Por lo expuesto, en nombre de S. M. El Rey y por la autoridad conferida por el pueblo español.

FALLAMOS

Declaramos de oficio la nulidad de la sentencia de la Sala de lo Social del Tribunal Superior de Justicia de Castilla-La Mancha, de fecha 1 de julio de 2003, dictada en el recurso de suplicación núm. 1718/2002, interpuesto por la Letrada doña Eva María Díez Peco, en nombre y representación de doña Luz , contra la sentencia de 18 de septiembre de 2002 del Juzgado de lo Social núm. 3 de Ciudad Real, recaída en los autos núm. 482/2002. Declaramos asimismo la nulidad de todas las actuaciones de dicho procedimiento desde la admisión a trámite del recurso de suplicación. Y declaramos firme la expresada sentencia de instancia, dictada por el Juzgado de lo Social núm. 3 de Ciudad Real. Sin condena en costas.

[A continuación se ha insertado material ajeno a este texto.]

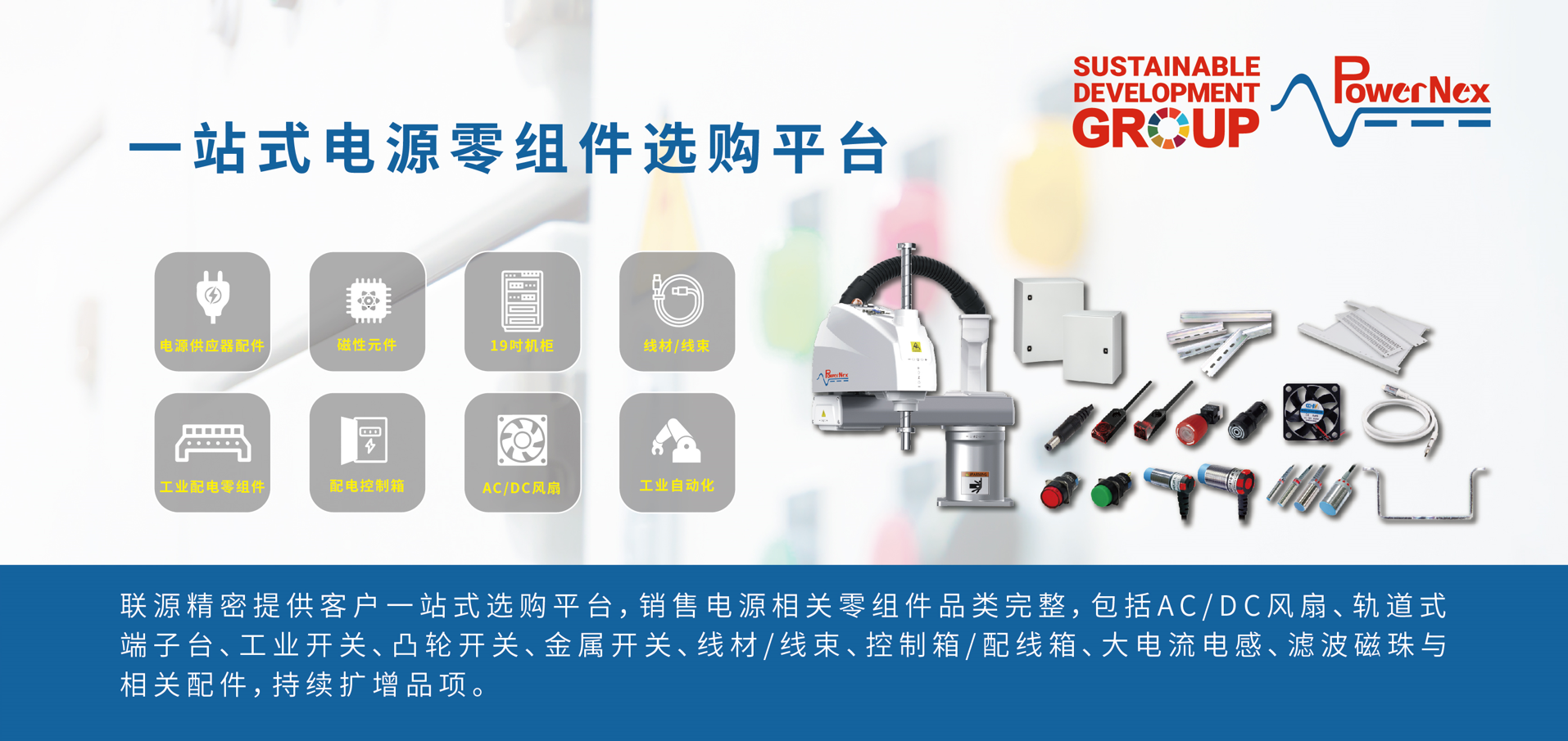 此次展會,明緯同時也向觀眾展出了SDG集團旗下聯源品牌的電力電子零組件相關產品,包含風扇、端子臺、傳感器、電感、接地銅牌等等。
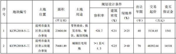其中,KCPL2018-5-二號地塊面積約35.4畝,容積率≤0.7,土地性質(zhì)為零售商業(yè)、批發(fā)市場、餐飲、旅館用地,交易起價5134.45 萬元,土地單價約145萬元/畝,樓面價約3107元/平米。KCPL2018-5-三號地塊面積約112畝,容積率>1≤4.3,為城鎮(zhèn)住宅用地,交易起價48392.64萬元。土地單價約432萬元/畝,樓面價約1507元/平米。
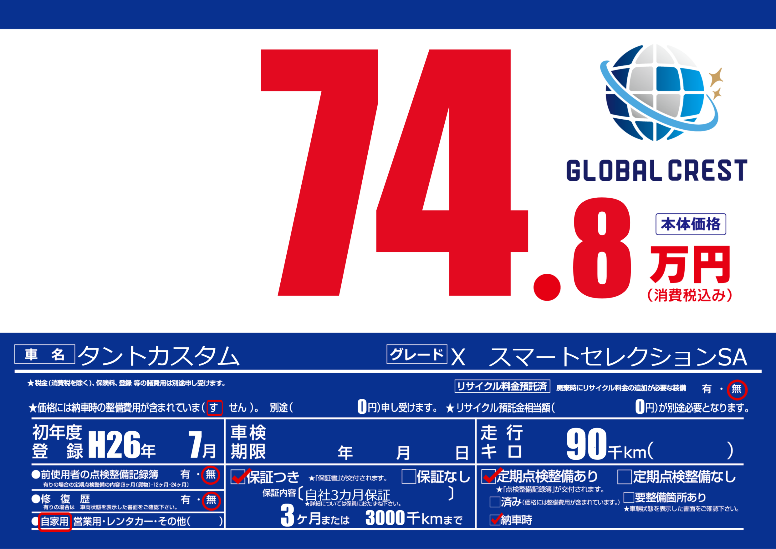 | 走行キロ | 9万km | 初年度登録 | H26年7月 |
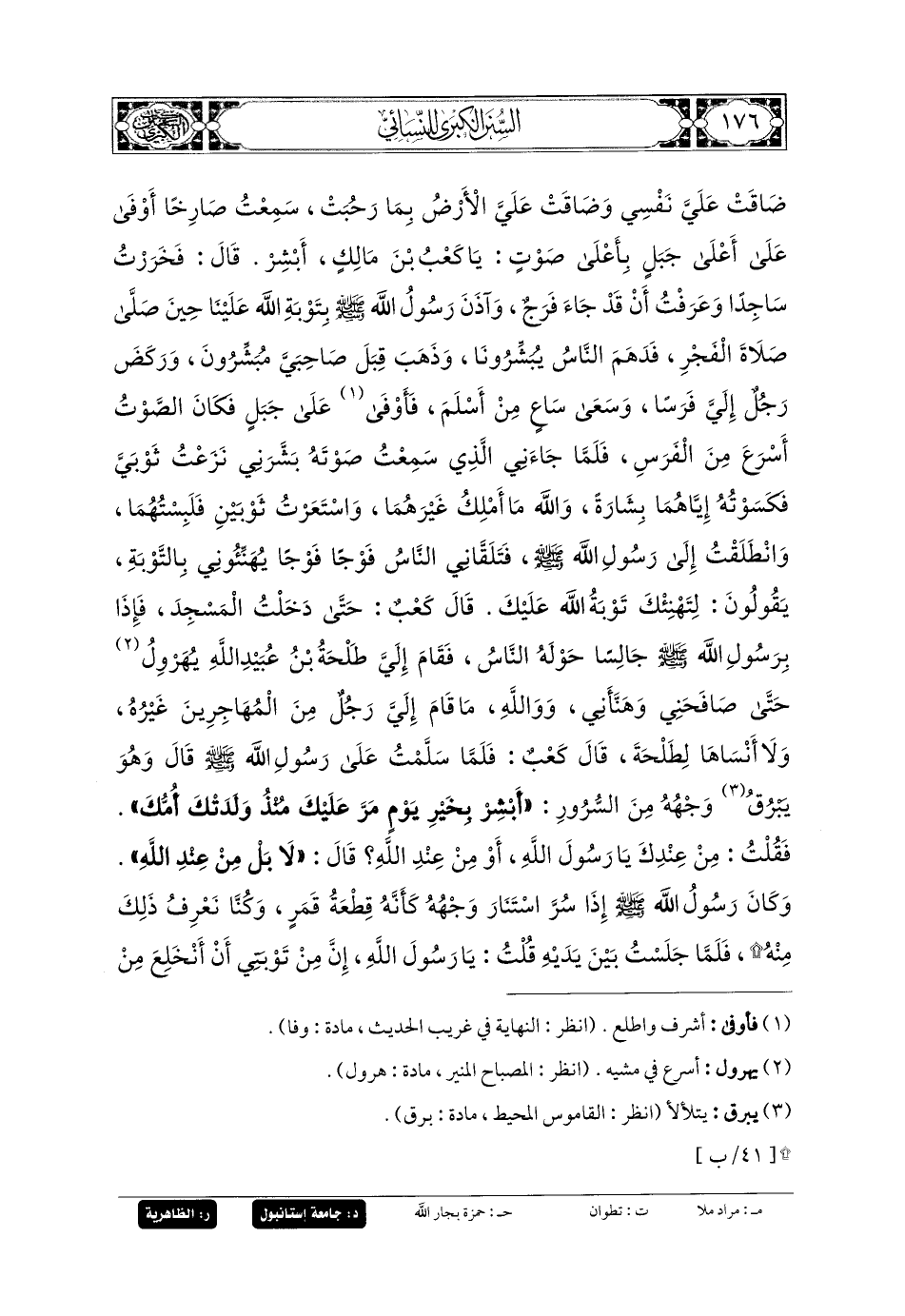 قَالَ كَعْبٌ: فَلَمَّا سَلَّمْتُ عَلَى رَسُولِ اللهِ صَلى الله عَليه وسَلم قَالَ: وَهُوَ يَبْرُقُ وَجْهُهُ مِنَ السُّرُورِ: أَبْشِرْ بِخَيْرِ يَوْمٍ مَرَّ عَلَيْكَ مُنْذُ وَلَدَتْكَ أُمُّكَ، فَقُلْتُ: مِنْ عِنْدِكَ يَا رَسُولَ اللهِ، أَوْ مِنْ عِنْدِ اللهِ؟ قَالَ: لا، بَلْ مِنْ عِنْدِ اللهِ، وَكَانَ رَسُولُ اللهِ صَلى الله عَليه وسَلم إِذَا سُرَّ اسْتَنَارَ وَجْهُهُ كَأَنَّهُ قِطْعَةُ قَمَرٍ، وَكُنَّا نَعْرِفُ ذَلِكَ مِنْهُ، فَلَمَّا جَلَسْتُ بَيْنَ يَدَيْهِ، قُلْتُ: يَا رَسُولَ اللهِ، إِنَّ مِنْ تَوْبَتِي أَنْ أَنْخَلِعَ مِنْ مَالِي صَدَقَةً إِلَى اللهِ تَبَارَكَ وَتَعَالَى، وَإِلَى رَسُولِ اللهِ صَلى الله عَليه وسَلم، قَالَ رَسُولُ اللهِ صَلى الله عَليه وسَلم: أَمْسِكْ عَلَيْكَ بَعْضَ مَالِكَ، فَهُوَ خَيْرٌ لَكَ، قُلْتُ: فَإِنِّي أُمْسِكُ سَهْمِي الَّذِي بِخَيْبَرَ، قُلْتُ: يَا رَسُولَ اللهِ، إِنَّ اللهَ تَعَالَى إِنَّمَا أَنْجَانِي بِالصِّدْقِ، وَإِنَّ مِنْ تَوْبَتِي أَلاَّ أُحَدِّثَ إِلاَّ صِدْقًا مَا بَقِيتُ، فَوَاللَّهِ مَا أَحَدٌ مِنَ المُسْلِمِينَ أَبْلاهُ اللهُ فِي صِدْقِ الحَدِيثِ مُنْذُ ذَكَرْتُ ذَلِكَ لِرَسُولِ اللهِ صَلى الله عَليه وسَلم أَحْسَنَ مِمَّا أَبْلانِي، وَمَا تَعْلَمُونَ مُنْذُ ذَكَرْتُ ذَلِكَ لِرَسُولِ اللهِ صَلى الله عَليه وسَلم كَذِبًا، وَإِنِّي لأَرْجُو أَنْ يَحْفَظَنِي اللهُ فِيمَا بَقِيَ، فَأَنْزَلَ اللهُ عَزَّ وَجَلَّ: {لَقَدْ تَابَ اللهُ عَلَى النَّبيِّ وَالمُهَاجِرِينَ وَالأَنْصَارِ الَّذِينَ اتَّبَعُوهُ فِي سَاعَةِ العُسْرَةِ} تَلا إِلَى: {الصَّادِقِينَ}، فَوَاللَّهِ مَا أَنْعَمَ اللهُ عَلَيَّ مِنْ نِعْمَةٍ قَطُّ بَعْدَ أَنْ هَدَانِي لِلإِسلامِ بِأَعْظَمَ فِي نَفْسِي مِنْ صِدْقِ رَسُولِ اللهِ صَلى الله عَليه وسَلم يَوْمَئِذٍ، أَلاَّ أَكُونَ كَذَبْتُهُ فَأَهْلِكَ كَمَا هَلَكَ الَّذِينَ كَذَبُوهُ، حَتَّى أَنْزَلَ الوَحْيُ بِشَرِّ مَا قَالَ لأَحَدٍ: {سَيَحْلِفُونَ بِاللهِ لَكُمْ إِذَا انْقَلَبْتُمْ إِلَيْهِمْ لِتُعْرِضُوا عَنهُمْ} إِلَى: {الفَاسِقِينَ}، قَالَ كَعْبٌ: وَكُنَّا تَخَلَّفْنَا أَيُّهَا الثَّلاثَةُ عَن أَمْرِ أُولَئِكَ الَّذِينَ قَبِلَ مِنْهُمْ رَسُولُ اللهِ صَلى الله عَليه وسَلم حِينَ حَلَفُوا لَهُ، فَبَايَعَهُمْ وَاسْتَغْفَرَ لَهُمْ، وَأَرْجَأَ رَسُولُ اللهِ صَلى الله عَليه وسَلم أَمْرَنَا حَتَّى قَضَى اللهُ فِيهِ، فَلِذَلِكَ قَالَ اللهُ عَزَّ وَجَلَّ: {وَعَلَى الثَّلاثَةِ الَّذِينَ خُلِّفُوا} وَلَيْسَ الَّذِي ذَكَرَ اللهُ تَخَلُّفَنَا عَنِ الغَزْوِ، وَإِنَّمَا هُوَ تَخْلِيفُهُ إِيَّانَا، وَإِرْجَاؤُهُ أَمْرَنَا عَمَّنْ حَلَفَ لَهُ وَاعْتَذَرَ إِلَيْهِ فَقَبِلَ مِنْهُ. مُخْتَصَرٌ.
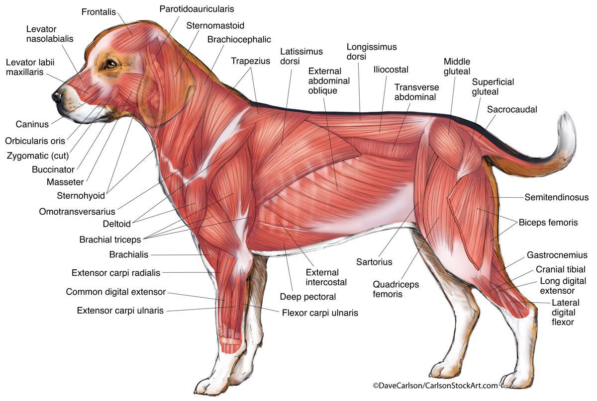 I muscoli del cane di cui ci occupiamo in questa sede sono quelli volontari. Ogni muscolo di compone di due parti:
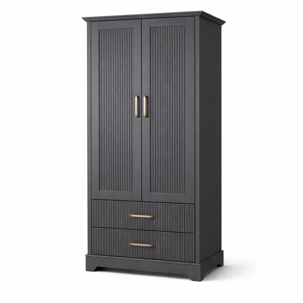 Der Kleiderschrank besteht aus MDF in Anthrazit. Er hat die Maße 80 cm Breite, 180 cm Höhe und 50 cm Tiefe. Der Schrank verfügt über Schwenktüren, zwei Schubladen mit Metallgriffen und einstellbare Regalböden. Die Oberflächen sind lackiert.
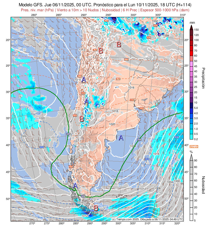 Para el  lunes 10 de noviembre de 2025 a las 18 UTC = 15:00 hora local
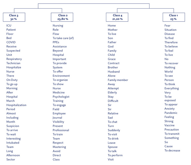 In the lexical analysis of the texts, a dendrogram was generated to display the classes formed by the 1,785 (88.1%) analyzable text segments (Figure 3). Thus, four classes emerged, which were categorized based on the theoretical framework, named as follows: “category 1 - nursing professionals’ feelings regarding the pandemic,” “category 2 - nursing professionals’ concern that their family members may become ill during the pandemic,” “category 3 - precautions with the care provided to patients with COVID-19,” and “category 4 - the nurses’ role and work with the multi-professional team in the care provided to patients with COVID-19.”
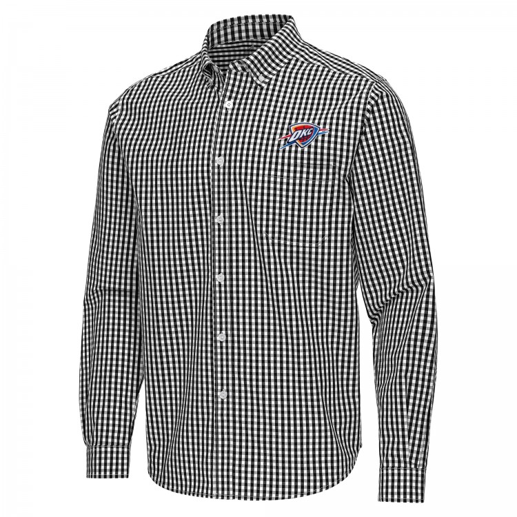 Oklahoma City Thunder Antigua Black Ellis Woven Tri-Blend Button-Down Shirt
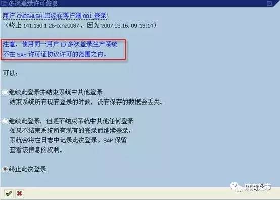 在P04、P12、S04等生产系统中,尽量不要重复登陆。如实在有必要,在第2次登陆完成所需工作后,立即退出系统。C04中不受此限制。

Devuélvanse las actuaciones al Órgano Jurisdiccional de procedencia ,con la certificación y comunicación de esta resolución.

Así por esta nuestra sentencia, que se insertará en la COLECCIÓN LEGISLATIVA, lo pronunciamos, mandamos y firmamos.

PUBLICACIÓN.- En el mismo día de la fecha fue leída y publicada la anterior sentencia por el Excmo. Sr. Magistrado D. Pablo Cachón Villar hallándose celebrando Audiencia Pública la Sala de lo Social del Tribunal Supremo, de lo que como Secretario de la misma, certifico.